112. A method of generating a peptide aptamer for binding NFKB p50 polypeptide comprising the steps of: synthesizing a plurality of peptide molecules; presenting said plurality of peptide molecules to said NFKB p50 polypeptide; and measuring binding of a peptide molecule to said NFKB p50 polypeptide, wherein when said peptide molecule binds to said NFKB p50 polypeptide, said peptide molecule is said aptamer.

113. A method of treating cardiovascular disease in a mammal, comprising the step of inhibiting interaction of Myo/Vl polypeptide with an ETS factor.

114. The method of claim 113, wherein said ETS factor is selected from the group consisting of GABPalpha/NRF2/E4TFl, ER81/ETV1, ERM, ELF/NERF2, ELF4, ELK1, ELK3/SAP2/ERP/NET, and ETS2.

115. The method of claim 113, wherein said ETS factor is ER81/ETV1.

116. A method of inhibiting fetal carnitine palmitoyltransferase-I (CPTI) nucleic acid expression in a mammal comprising the step of inhibiting interaction of Myo/Vl polypeptide with an ETS factor.

117. The method of claim 116, wherein said ETS factor is selected from the group consisting of GABPalpha NRF2/E4TFl, ER81/ETV1, ERM, ELF/NERF2, ELF4, ELK1, ELK3/SAP2/ERP/NET, and ETS2.

118. The method of claim 116, wherein said ETS factor is ER81/ETV1.

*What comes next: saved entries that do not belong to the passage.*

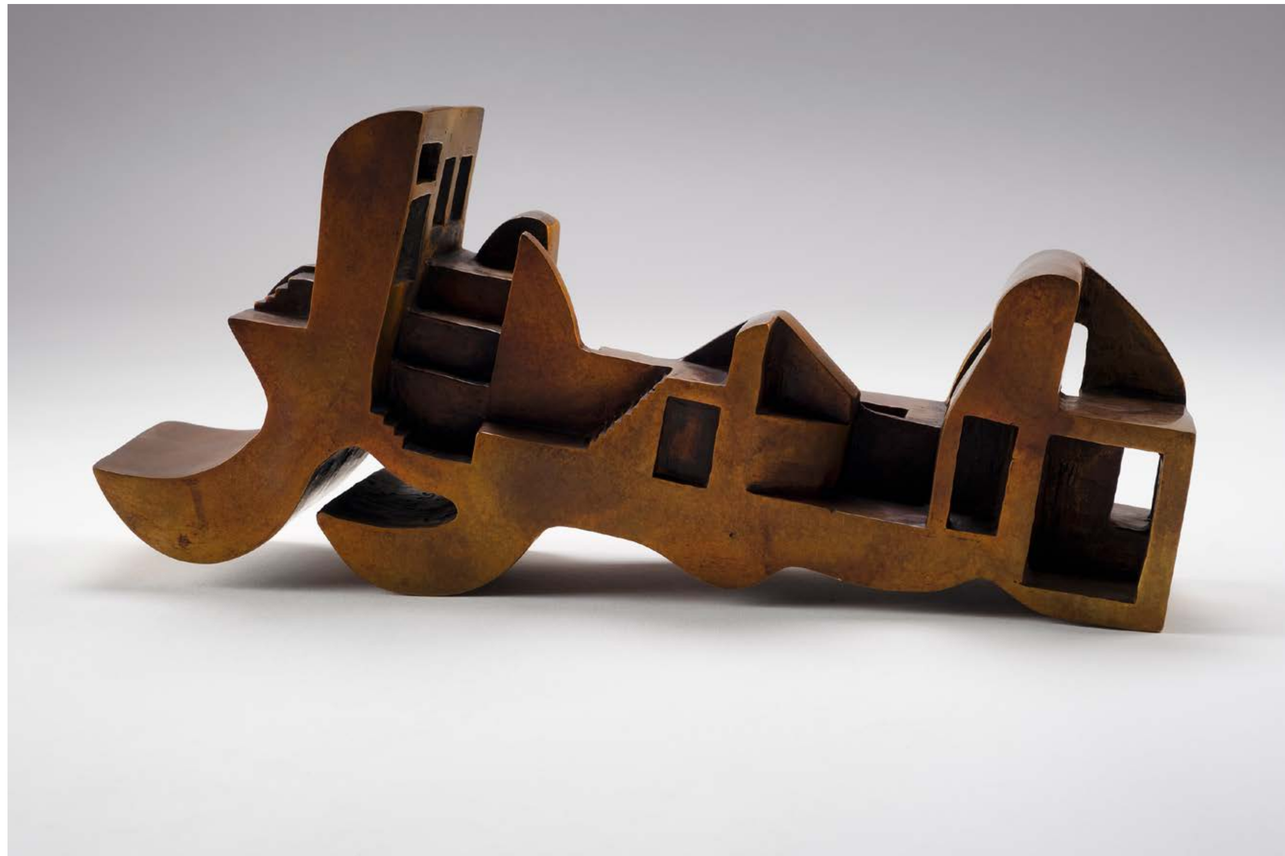
Plain 39 x 17.3 x 9.5 cm bronze 3 editions + 2 AP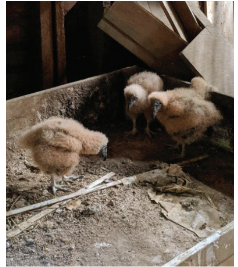
A successful reunion!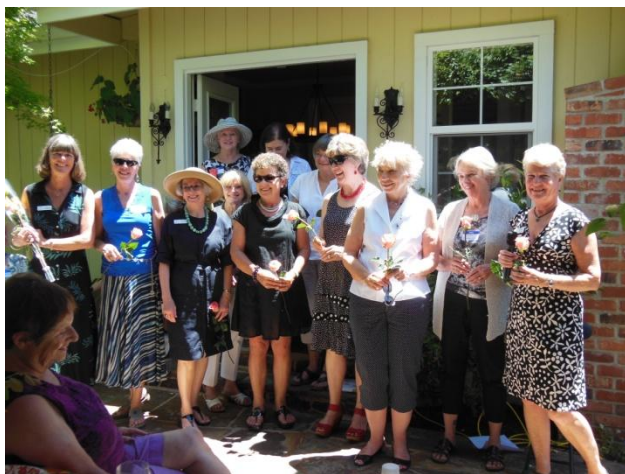
The new board for 2013-2014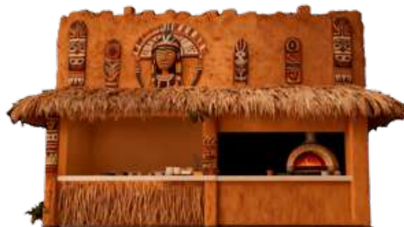
■ No. 026 ■ Area: 20m 2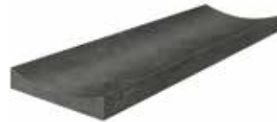
4 x 12 in / 10 x 30 cm Fluto Polished 5000-0643-0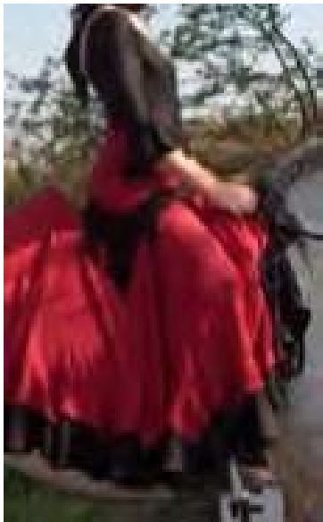
10 Points FOLK DRESS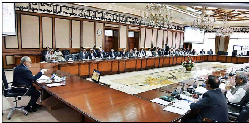
ISLAMABAD: Federal Minister for Finance and Revenue Senator Mohammad Ishaq Dar chaired the meeting of the Executive Committee of the National Economic Council (ECNEC).

119. A method of inhibiting fetal 6-phosphofructo-2-kinase/fructose-2,6- bisphosphatase (PFK) nucleic acid expression in a mammal comprising the step of inhibiting interaction of MyoNl polypeptide with an ETS factor.

120. The method of claim 119, wherein said ETS factor is selected from the group consisting of GABPalpha/ΝRF2/E4TFl, ER81/ETV1, ERM, ELF/NERF2, ELF4, ELK1, ELK3/SAP2/ERP/NET, and ETS2.

121. The method of claim 119, wherein said ETS factor is ER81/ETV1.

122. A method of inhibiting formation of NFKB p65 homodimers in a cell of a mammal, comprising the step of introducing into said cell therapeutically effective levels of a nucleic acid sequence encoding a dominant negative mutant sequence of Myo/Vl polypeptide, wherein said introduction results in inhibition of formation of said NFKB p65 homodimers.

123. A method of reducing formation of NFKB p65 homodimers in a cell of a mammal, comprising the step of introducing into said cell therapeutically effective levels of a nucleic acid sequence encoding a dominant negative mutant sequence of Myo/Vl polypeptide, wherein said introduction results in reduction of formation of said NFKB p65 homodimers.

124. A method of treating cardiovascular disease in a mammal, comprising the step of introducing into a cell of said mammal therapeutically effective levels of a NFKB repressor sequence under conditions wherein said repressor sequence binds a NFKB p65 homodimer, wherein said cardiovascular disease is improved following said introduction.

125. A method of reducing NFKB p65 homodimer levels in a cell of a mammal, comprising the step of introducing into said cell therapeutically effective levels of a NFKB repressor sequence under conditions wherein said repressor sequence binds said NFKB p65 homodimer.